Wednesday, December 08, 2021

Can insects really be future of food?



 The last thing that comes to mind when you think of the critters is consuming them.

Many experts think bugs could be the future of food... as the world's population keeps on growing and the demand for food surges.

Jang Tae-hyun zooms in on this phenomenon.
This is a farm, but not an ordinary one.
It's an insect farm... which can actually save our planet.

"These clean insects being bred at this farm are for us.

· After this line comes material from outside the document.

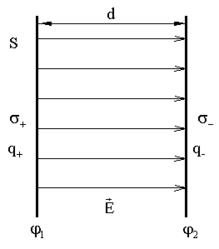 Плоский конденсатор - это две плоские пластины расположенные на небольшом расстоянии друг от друга.

They will be served on our plate."

Because it takes less land, energy and fewer resources to grow them... it will lead to less greenhouse gas emissions.
The United Nations Food and Agriculture Organization has said that the world's population will grow to more than 9 billion by 2050.
The report also says we will need up to 5 times more energy and 1-point-7 times more food.
So, we need to figure out an eco-friendly way to mass-produce our dinners.

To produce 1 kilogram of protein,... livestock need to be fed 10 kilograms of food... while insects need just 1 kilogram.
And insects often eat the by-products of crops like rice... so we don't need to do extra farming to feed insects.

According to data from the Agriculture Ministry... South Korea's insect industry had sales of some 35 million dollars in 2020.
And more than half of that came from edible insects.
As of now, the ministry has allowed only 10 types of edible insects including mealworms and beetle larva.
Authorities are closely inspecting the breeding farms and making sure that they follow safety guidelines.

"The edible mealworms are grown in a clean environment. And I started this insect farm business because mealworms are great source of protein and if you don't have enough protein, your health will suffer."

They make sure that all the impurities are removed before drying the insects.
So, it can cost up to 100,000 won, or some 85 U.S. dollars per kilogram.

And, our crew met one of the master chefs specializing in insect foods.
And she cooked us Korean pancakes and desserts.
She ground up the mealworms and put them in the dough... and used more bugs as a topping.

"It tastes savory, nutty and earthy... if you know what I mean."

"I often add insects when making a stew or seasoned side dish. When outside, I don't have time to have food so I just eat dried insects. That's why my skin is so tight."

She cited medical sources that say bugs can actually help people recover from fatigue, as well as improve their blood flow and prevent diabetes.
But you have to be careful if you are allergic to shellfish.
Or you could feel itchy or get a rash.
Apart from that, there's no excuse not to tuck in.